ThorVG Null Pointer Dereference Vulnerability in SvgLoader Allowing Process Crash

A null pointer dereference vulnerability has been identified in Thor Vector Graphics (ThorVG) versions prior to 1.0.5. The issue arises in the SvgLoader component, specifically within the run() function. This vulnerability allows any caller to pass untrusted SVG data to the Picture::load() method, leading to a process crash. The vulnerability can be exploited with a minimal 6-byte payload, causing a segmentation fault by dereferencing a null pointer.

Impact

Exploitation of this vulnerability causes a segmentation fault, leading to a process crash. This behavior has been confirmed in both release and AddressSanitizer builds, indicating a denial-of-service impact.

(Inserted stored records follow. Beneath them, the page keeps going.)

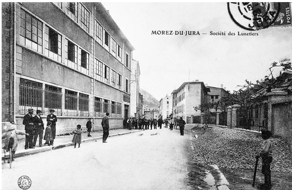
Morez-du-Jura - Société des Lunetiers.
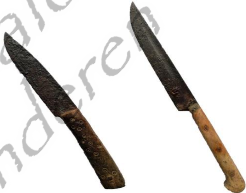
↑ Enkele messen met benen heft: 15 e eeuw- 16 e eeuw
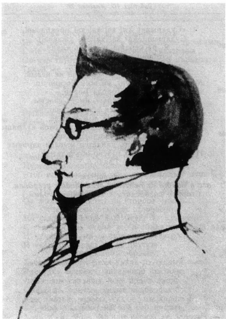
А. С. Грибоедов. Рисунок А. С. Пушкина на полях рукописи главы II «Евгения Онегина». 1823.
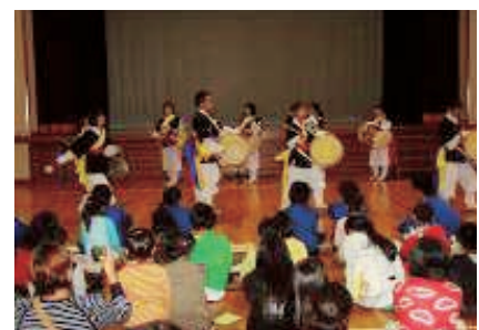
みんなでチャンゴ
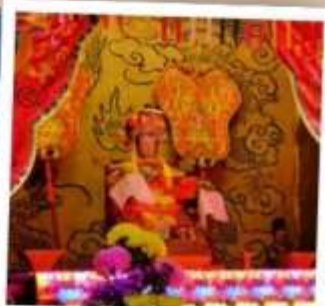
เจ้าแม่ทับทิม จอสเฮาส์เบย์
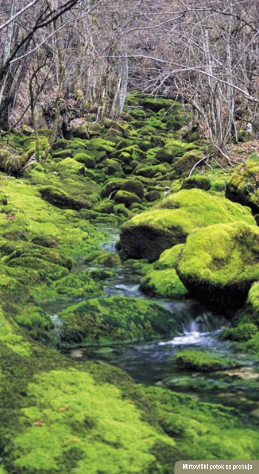
Mirtoviški potok se prebuja
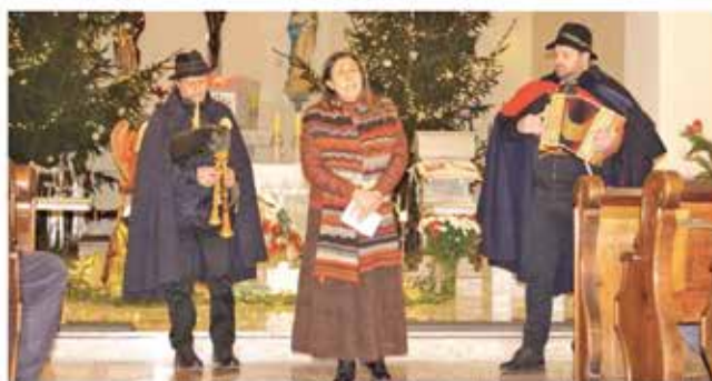
Trójgłosny, międzynarodowy koncert kolędników - dudziarzy odbył się w Kościele pw. św. Piotra i Pawła w Gulczu
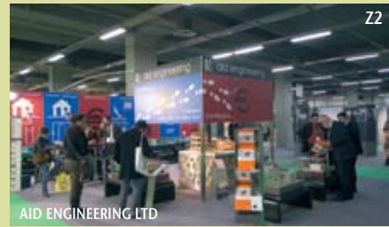
AID ENGINEERING LTD

The vulnerability does not cause any memory corruption beyond the null dereference.

Reproduction

The vulnerability can be reproduced by passing malformed SVG input, such as a simple SVG tag followed by a less-than sign, to the Picture::load() method. This can be done manually or automated through a fuzzing tool like AFL++, which discovered the vulnerability by mutating SVG data to create a crash payload.

Remediation

Users can upgrade to ThorVG version 1.0.5, which addresses the vulnerability by adding a null check before dereferencing the pointer, ensuring that malformed SVG input does not cause a process crash.